* [INPUT RECORDS]
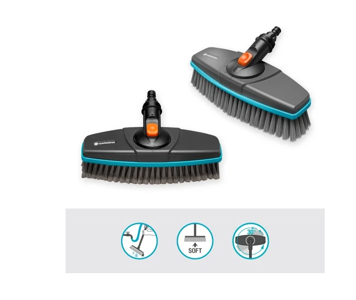 Aby dokładnie wyczyścić powierzchnię w mgnieniu oka, wystarczy połączyć szczotkę Cleansystem miękką z trzonkiem, a następnie całość podłączyć do węża ogrodowego. Szczotka jest niezwykle łatwa w użyciu i nadaje się do wielu prac porządkowych na dużych powierzchniach wokół domu, a efekty pracy są zawsze imponujące.
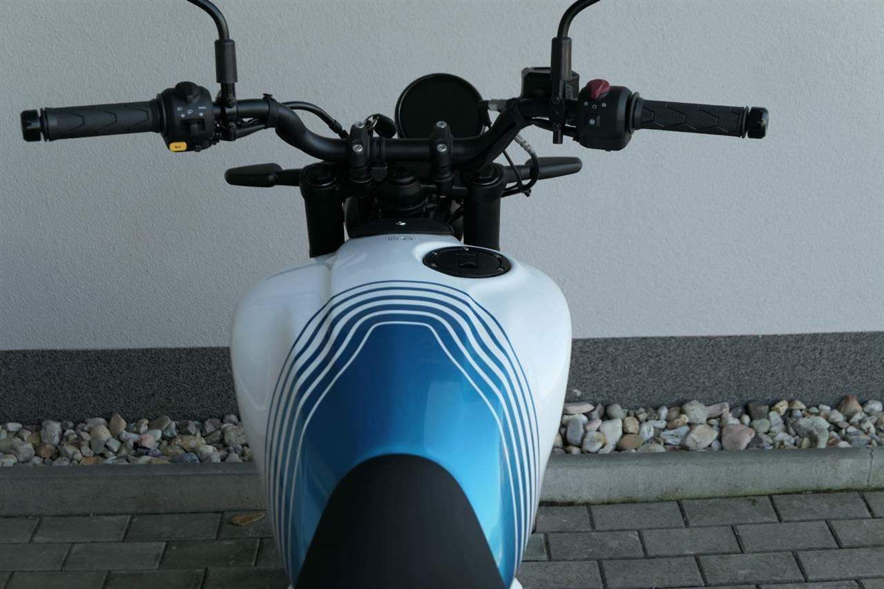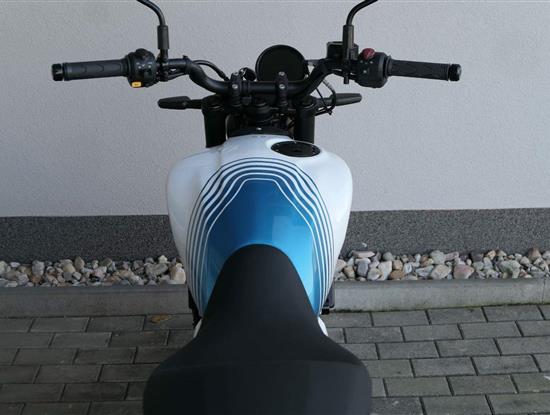 Celkově má Guerilla poměrně moderní tvary, Royal ale zdůrazňuje, že zde nejsou žádné nadbytečné plasty a serepetičky, a že jde v principu o jednoduchou a zábavnou motorku – což koneckonců spojuje všechny modely Royal Enfieldu. Opět je nutné pochválit výběr barev, který je vychytaný přesně tak, jak jsme u Royalu zvyklí. Z celkem pěti zbarvení je jenom jedno nudné, a sice jednolitá stříbrná Smoke Silver. Zbytek, tedy Brava Blue, Yellow Ribbon, Playa Black a Gold Dip zajímavě kombinují barevnou grafiku a ve třech případech dostanete i barevné ráfky.
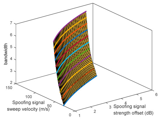 Figure 15 shows the error distribution of the SPE with respect to the spoofing signal strength and sweep velocity on a fixed bandwidth. At the yellow point, the values of the spoofing parameters, namely the signal strength offset, sweep velocity, and bandwidth, are 2 dB, 50 m/s, and 2 Hz, respectively. When is calculated for the above set of spoofing parameter values using the SPE, the error in is the Z axis value corresponding to the yellow point. The SPE performance is the best around the boundary line. The success and failure of the spoofing attack can be divided based on the boundary line.
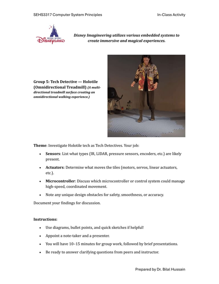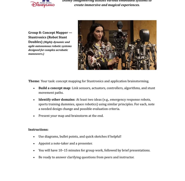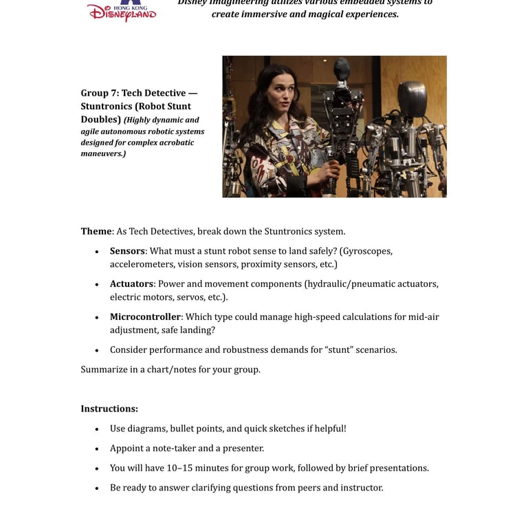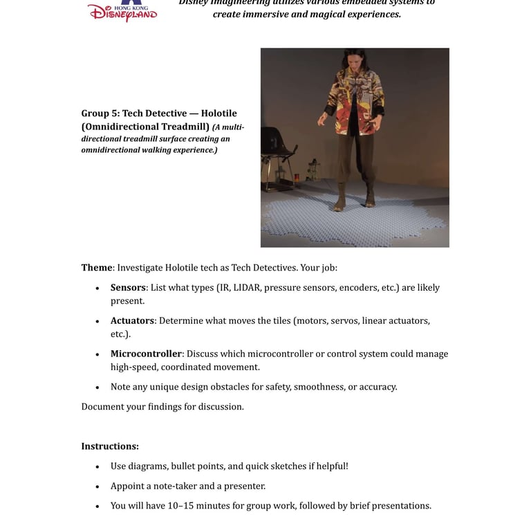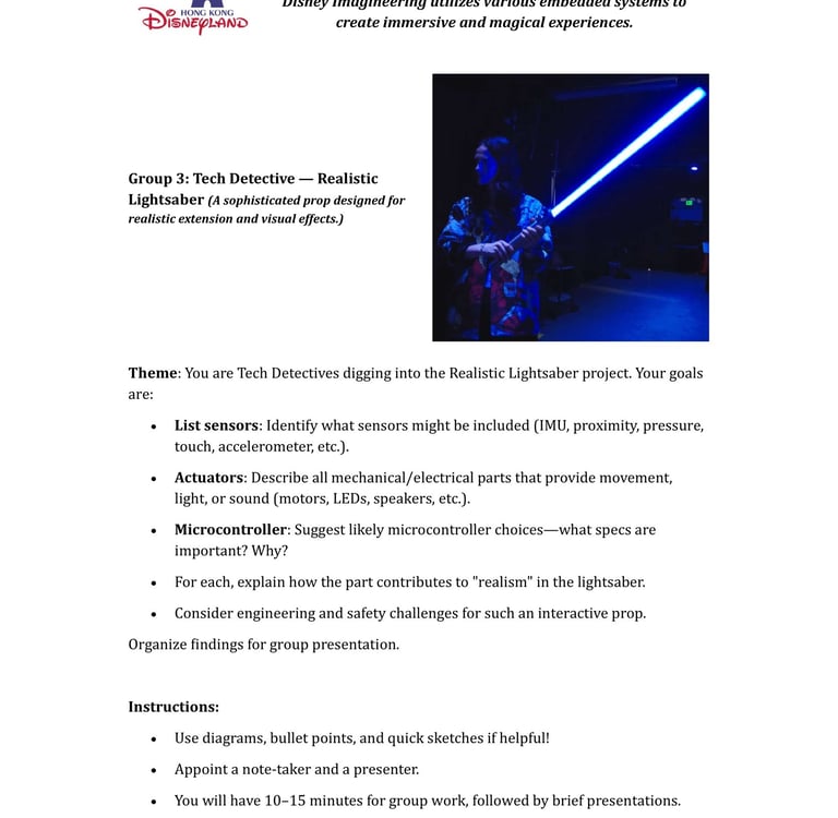 Fast-forward to June 2024: a staff retreat at Hong Kong Disneyland organized by SEHS, CPCE. Expecting rides and fun, I discovered Disney University—a hub for Imagineering, where tech wizards enhance visitor experiences through cutting-edge projects. No traditional students here; just innovative research on embedded systems, the heart of my course. We toured seminars on unrealized tech marvels, all tied to sensors, actuators, and microprocessors. It clicked: This could excite my students! I scoured YouTube for videos mirroring our experience, landing on Cleo Abram’s coverage of Disney’s California park [YouTube link]. She dove into Stuntronics (robotic stunt doubles), Droids, Realistic Lightsabers, and Holotile—a mind-bending omnidirectional floor for VR-like movement. Perfect examples of special-purpose computers!
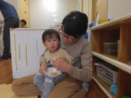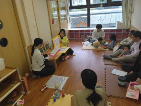 続いて、『おふね』のわらべうた遊びを親子で楽しみました。
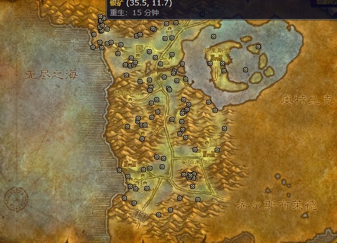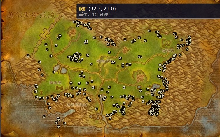 这几张地图有银矿分布,像阿拉希高地、奥特兰克山脉、荒芜之地、暮色森林、银松森林都在列。不过这些地图的银矿产出量相对较少,所以建议玩家要么换其他地图挖银矿,要么带上能提升挖矿效率的装备再去这些地方开采。
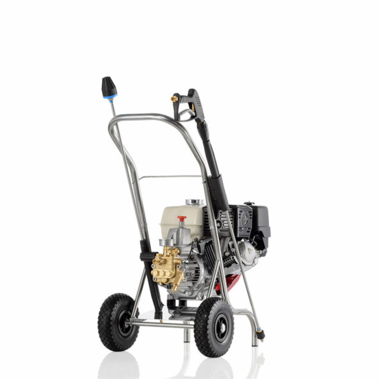 Mit Kränzle Hochdruckreinigern mit Benzinmotoren sind Sie auf der sicheren Seite, wenn höchste Reinigungskraft unabhängig von der Stromversorgung gefragt ist. Die Profi-Jet-Serie überzeugt durch ein äußerst robustes Edelstahl-Fahrgestell, einen servicefreundlichen Honda-Motor mit integrierter Ölmangelsicherung und einem praktischen Ordnungssystem für Hochdruckpistole und Reinigungslanzen. Die optionale Drehzahlregulierung reduziert Geräusch und Kraftstoffverbrauch.
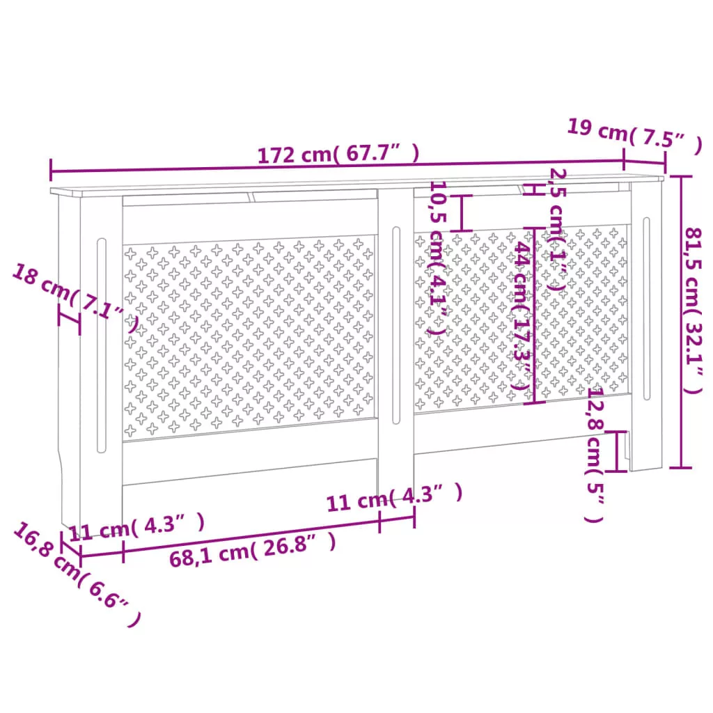 Ez a radiátorburkolat stílusos és praktikus kiegészítője lesz nappalijának. Ezt a radiátorburkolatot úgy tervezték, hogy dekoratív külsővel ruházza fel radiátorát, és további polcot biztosítson könyvek, képkeretek, dísztárgyak stb. számára. A masszív és tartós radiátorszekrény MDF-ből készült. A radiátorburkoló szekrény modern, rácsos kialakítású, amely bármilyen dekorációhoz illik. Radiátorburkolatunk könnyen összeszerelhető.
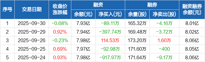 碧水源:融资净偿还89.11万元,融资余额7.93亿元(09-30)
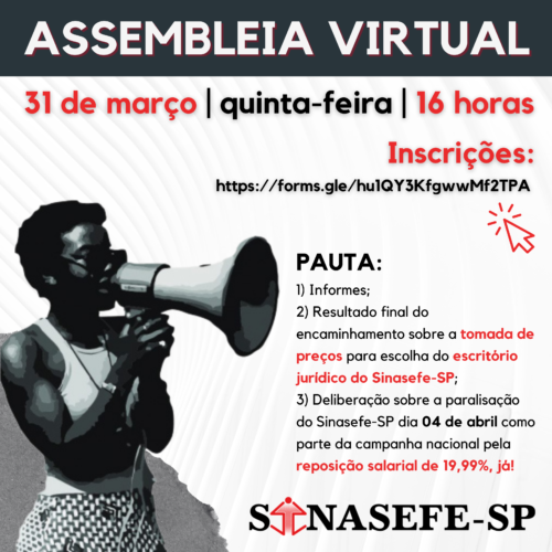 3) Deliberação sobre a paralisação do Sinasefe-SP dia 04 de abril como parte da campanha nacional pela reposição salarial de 19,99%, já!
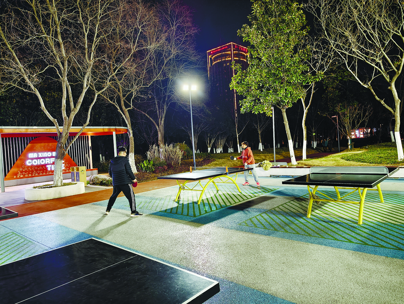 此前,有市民通过“马上办”反映,南湖公园乒乓球桌附近灯光昏暗,影响夜间运动体验,希望能加装照明灯。接到诉求后,市城管局园林处迅速响应,实地勘察后广泛征求群众意见,最终确定在乒乓球台旁安装一盏5米高的高杆灯,彻底改善场地照明条件。
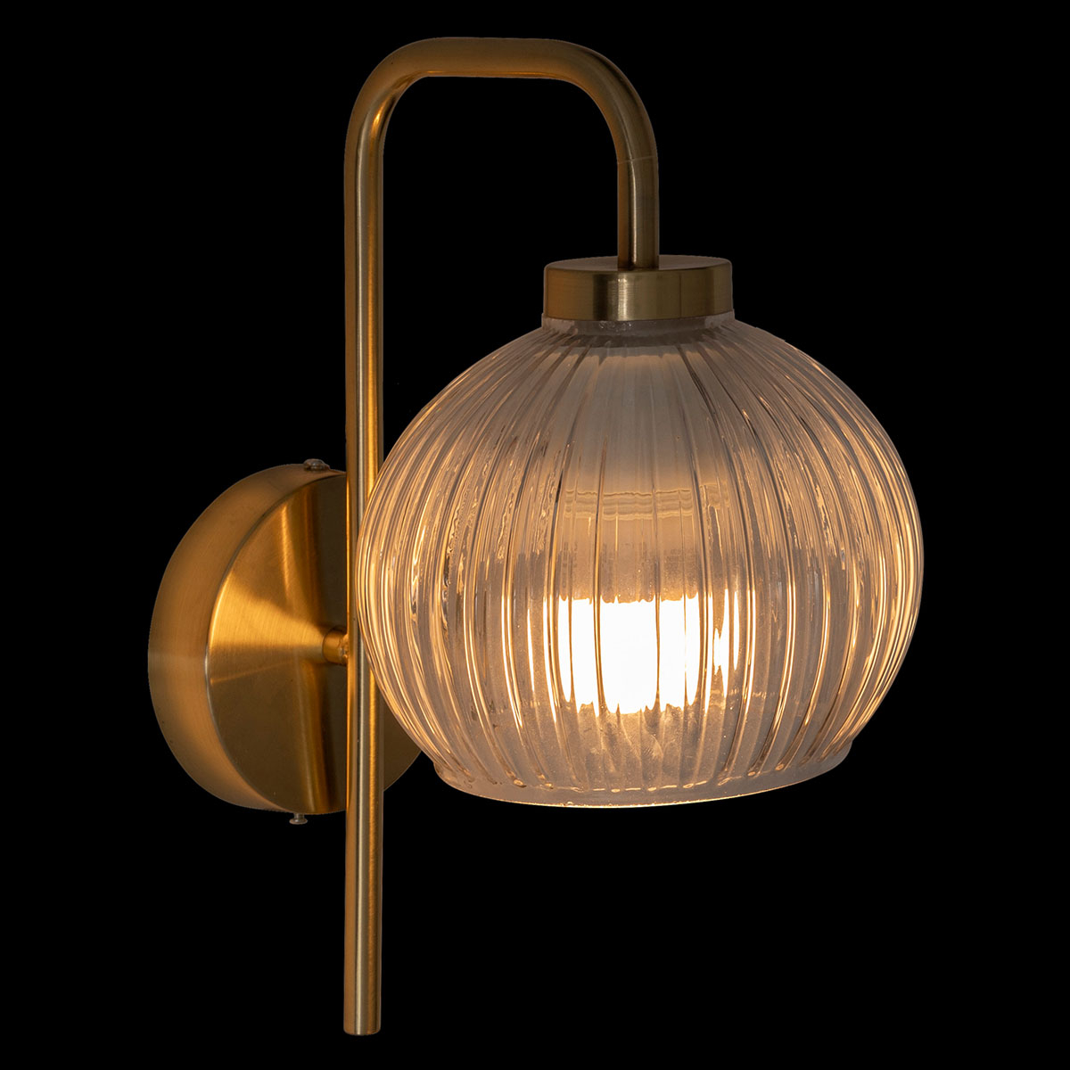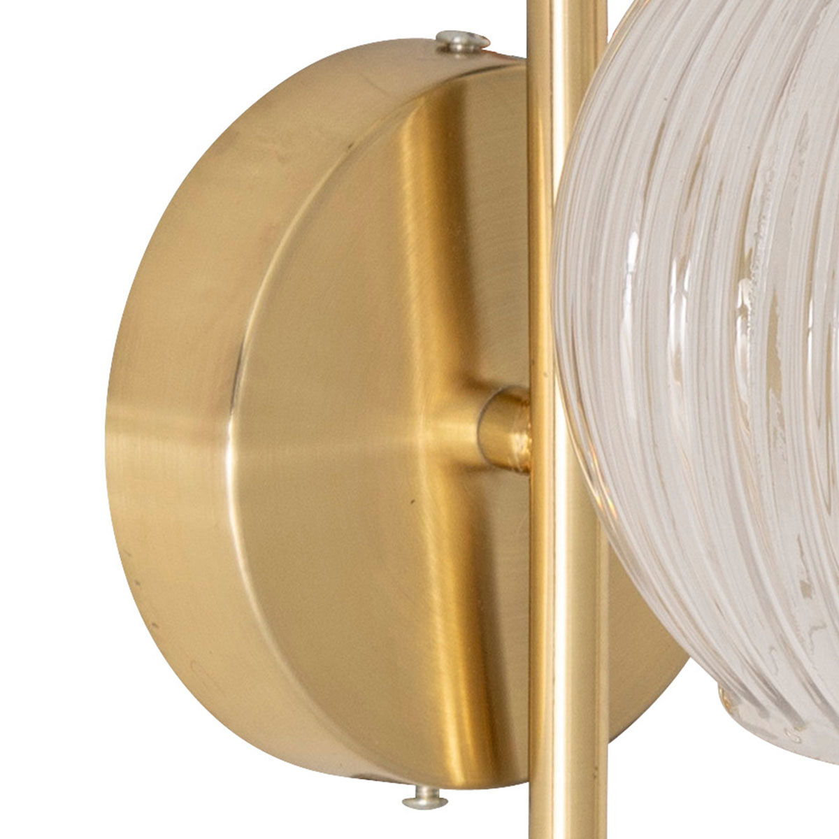 Απλίκα τοίχου με μοντέρνο σχεδιασμό. Είναι κατασκευασμένη από μεταλλικό υλικό σε χρυσό χρώμα και διαθέτει γυάλινο καπέλο με ανάγλυφο σχέδιο. Είναι κατάλληλη για χρήση σε εσωτερικό χώρο με IP20. Τύπος ντουί: 1xE27 και θέση για 1 λαμπτήρα έως 25W (δεν συμπεριλαμβάνεται). Συνδυάστε τη με τα υπόλοιπα φωτιστικά της ίδιας συλλογής για ένα ολοκληρωμένο αποτέλεσμα στο χώρο σας.

* [PROBLEM DETAILS]
Write out again only the lines from the line that contains "碧水源:融资净偿还89.11万元,融资余额7.93亿元(09-30)" through the last line of the records, both ends included, without any of the pictures.

* [WORKED SOLUTION]
 碧水源:融资净偿还89.11万元,融资余额7.93亿元(09-30)
 3) Deliberação sobre a paralisação do Sinasefe-SP dia 04 de abril como parte da campanha nacional pela reposição salarial de 19,99%, já!
 此前,有市民通过“马上办”反映,南湖公园乒乓球桌附近灯光昏暗,影响夜间运动体验,希望能加装照明灯。接到诉求后,市城管局园林处迅速响应,实地勘察后广泛征求群众意见,最终确定在乒乓球台旁安装一盏5米高的高杆灯,彻底改善场地照明条件。
 Απλίκα τοίχου με μοντέρνο σχεδιασμό. Είναι κατασκευασμένη από μεταλλικό υλικό σε χρυσό χρώμα και διαθέτει γυάλινο καπέλο με ανάγλυφο σχέδιο. Είναι κατάλληλη για χρήση σε εσωτερικό χώρο με IP20. Τύπος ντουί: 1xE27 και θέση για 1 λαμπτήρα έως 25W (δεν συμπεριλαμβάνεται). Συνδυάστε τη με τα υπόλοιπα φωτιστικά της ίδιας συλλογής για ένα ολοκληρωμένο αποτέλεσμα στο χώρο σας.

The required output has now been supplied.